What the task requires – Your output should be the lines below from the one holding "Crocs Off Road" through the one holding "話鋒一轉,賓賓哥自嘲近期壓力", transcribed exactly, with no pictures.

Task input –

----

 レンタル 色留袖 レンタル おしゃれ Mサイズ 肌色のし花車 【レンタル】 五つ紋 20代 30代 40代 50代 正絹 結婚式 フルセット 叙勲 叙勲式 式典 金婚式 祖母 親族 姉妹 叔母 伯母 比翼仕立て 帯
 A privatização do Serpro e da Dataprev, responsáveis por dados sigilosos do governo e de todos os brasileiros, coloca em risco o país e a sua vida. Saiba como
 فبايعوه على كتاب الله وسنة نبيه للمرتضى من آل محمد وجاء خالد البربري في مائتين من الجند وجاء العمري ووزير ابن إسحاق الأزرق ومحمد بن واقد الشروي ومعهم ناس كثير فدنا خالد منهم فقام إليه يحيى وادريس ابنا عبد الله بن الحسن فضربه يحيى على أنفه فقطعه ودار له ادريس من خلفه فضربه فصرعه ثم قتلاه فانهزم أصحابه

----

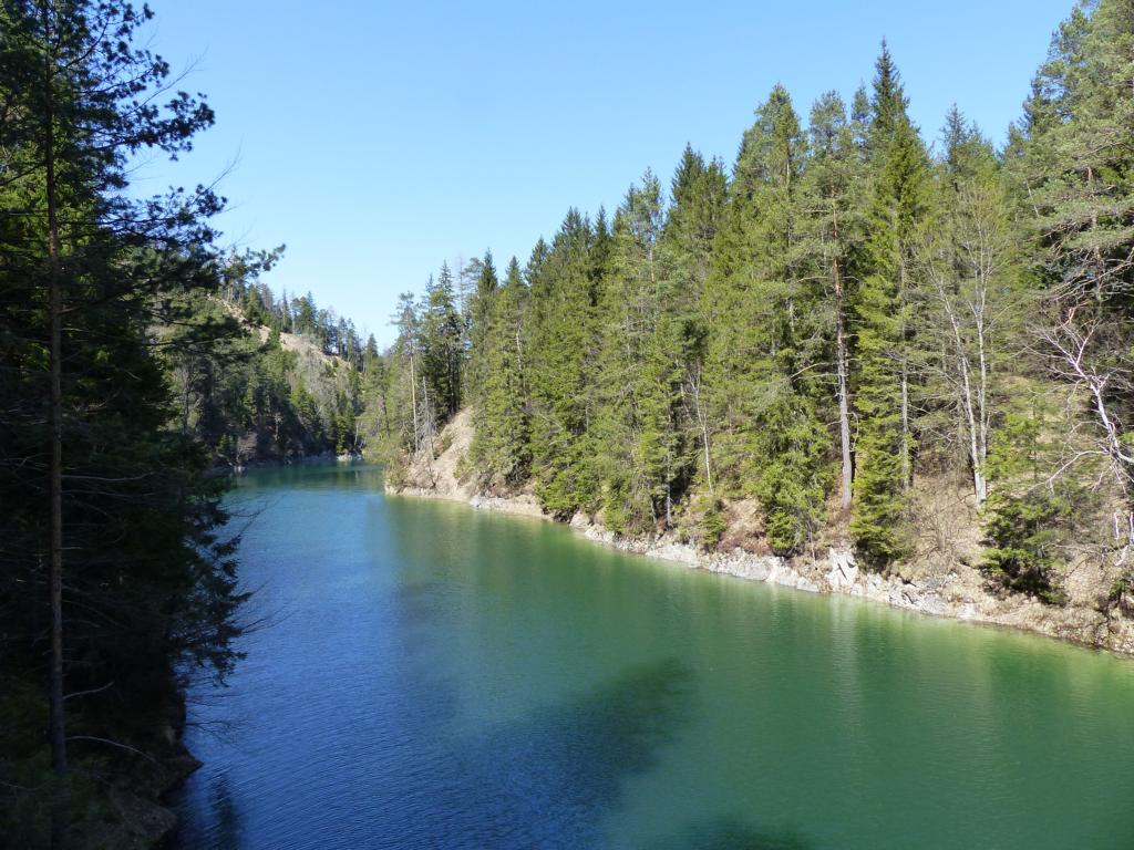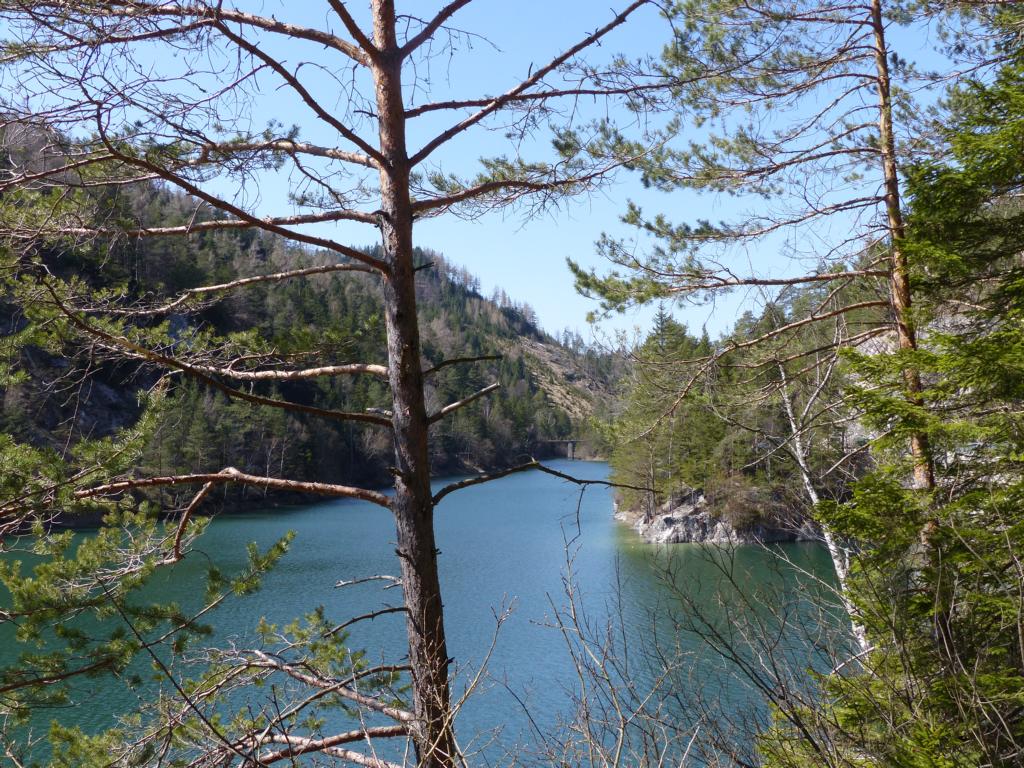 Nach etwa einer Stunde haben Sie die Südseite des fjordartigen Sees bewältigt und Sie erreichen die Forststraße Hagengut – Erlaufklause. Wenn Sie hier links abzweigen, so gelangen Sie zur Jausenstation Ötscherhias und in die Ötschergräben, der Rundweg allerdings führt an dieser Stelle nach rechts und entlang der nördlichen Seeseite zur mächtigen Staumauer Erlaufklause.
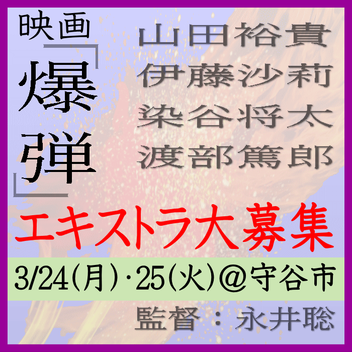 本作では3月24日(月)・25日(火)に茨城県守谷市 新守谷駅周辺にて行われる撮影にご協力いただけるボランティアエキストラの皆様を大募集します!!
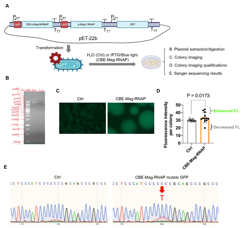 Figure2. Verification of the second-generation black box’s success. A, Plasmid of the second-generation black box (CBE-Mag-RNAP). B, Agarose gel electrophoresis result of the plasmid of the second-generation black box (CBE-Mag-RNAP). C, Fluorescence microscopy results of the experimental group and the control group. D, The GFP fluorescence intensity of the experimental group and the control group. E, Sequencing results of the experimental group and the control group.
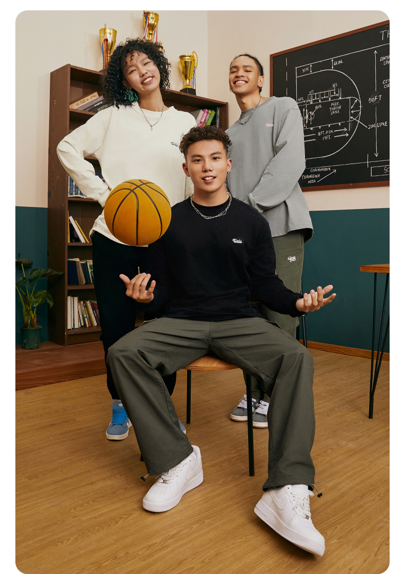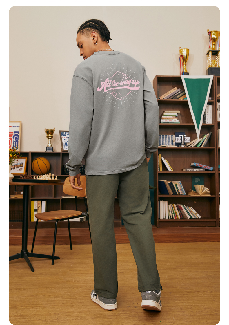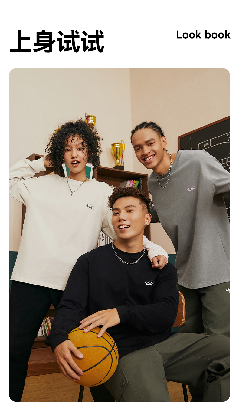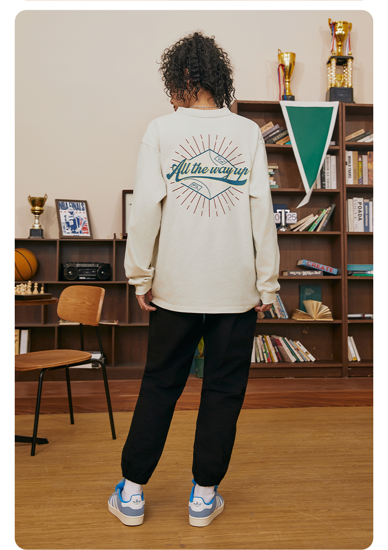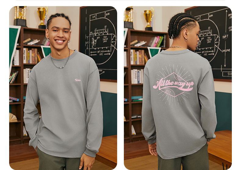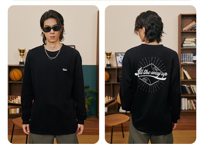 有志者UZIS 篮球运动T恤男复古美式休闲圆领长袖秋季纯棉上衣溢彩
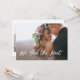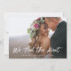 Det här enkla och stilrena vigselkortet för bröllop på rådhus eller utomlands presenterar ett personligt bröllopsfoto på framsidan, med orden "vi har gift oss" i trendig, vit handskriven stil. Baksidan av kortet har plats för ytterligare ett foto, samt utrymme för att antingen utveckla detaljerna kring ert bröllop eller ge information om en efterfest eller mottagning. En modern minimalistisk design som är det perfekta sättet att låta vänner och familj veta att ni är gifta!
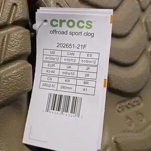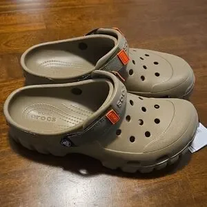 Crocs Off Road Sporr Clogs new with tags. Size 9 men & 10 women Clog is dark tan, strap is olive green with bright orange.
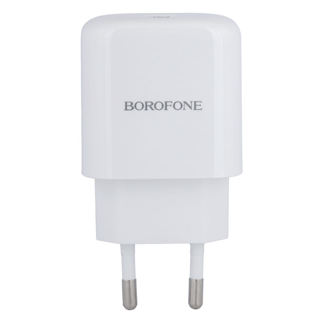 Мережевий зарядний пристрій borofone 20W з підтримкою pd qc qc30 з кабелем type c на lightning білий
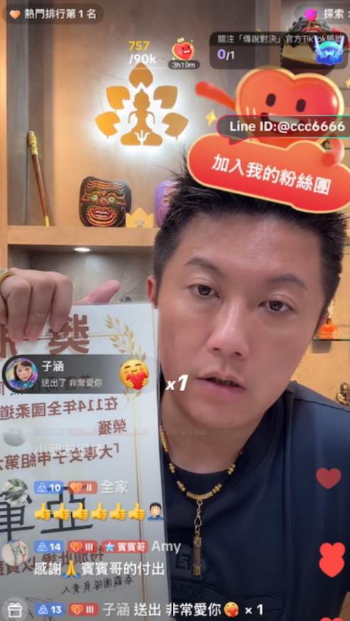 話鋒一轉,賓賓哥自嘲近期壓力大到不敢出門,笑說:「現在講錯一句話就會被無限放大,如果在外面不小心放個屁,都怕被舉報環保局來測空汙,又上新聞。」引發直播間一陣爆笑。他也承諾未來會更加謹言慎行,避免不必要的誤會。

----

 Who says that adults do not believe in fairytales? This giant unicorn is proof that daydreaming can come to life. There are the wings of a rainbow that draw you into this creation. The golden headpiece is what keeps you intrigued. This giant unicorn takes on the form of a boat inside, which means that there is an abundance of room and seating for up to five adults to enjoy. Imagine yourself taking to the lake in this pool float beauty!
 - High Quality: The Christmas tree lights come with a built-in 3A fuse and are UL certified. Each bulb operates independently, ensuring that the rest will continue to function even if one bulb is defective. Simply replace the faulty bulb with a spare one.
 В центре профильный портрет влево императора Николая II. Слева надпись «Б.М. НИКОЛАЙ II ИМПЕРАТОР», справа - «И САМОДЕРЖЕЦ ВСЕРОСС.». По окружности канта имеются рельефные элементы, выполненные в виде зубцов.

----

Solved problem –
 Crocs Off Road Sporr Clogs new with tags. Size 9 men & 10 women Clog is dark tan, strap is olive green with bright orange.
 Мережевий зарядний пристрій borofone 20W з підтримкою pd qc qc30 з кабелем type c на lightning білий
 話鋒一轉,賓賓哥自嘲近期壓力大到不敢出門,笑說:「現在講錯一句話就會被無限放大,如果在外面不小心放個屁,都怕被舉報環保局來測空汙,又上新聞。」引發直播間一陣爆笑。他也承諾未來會更加謹言慎行,避免不必要的誤會。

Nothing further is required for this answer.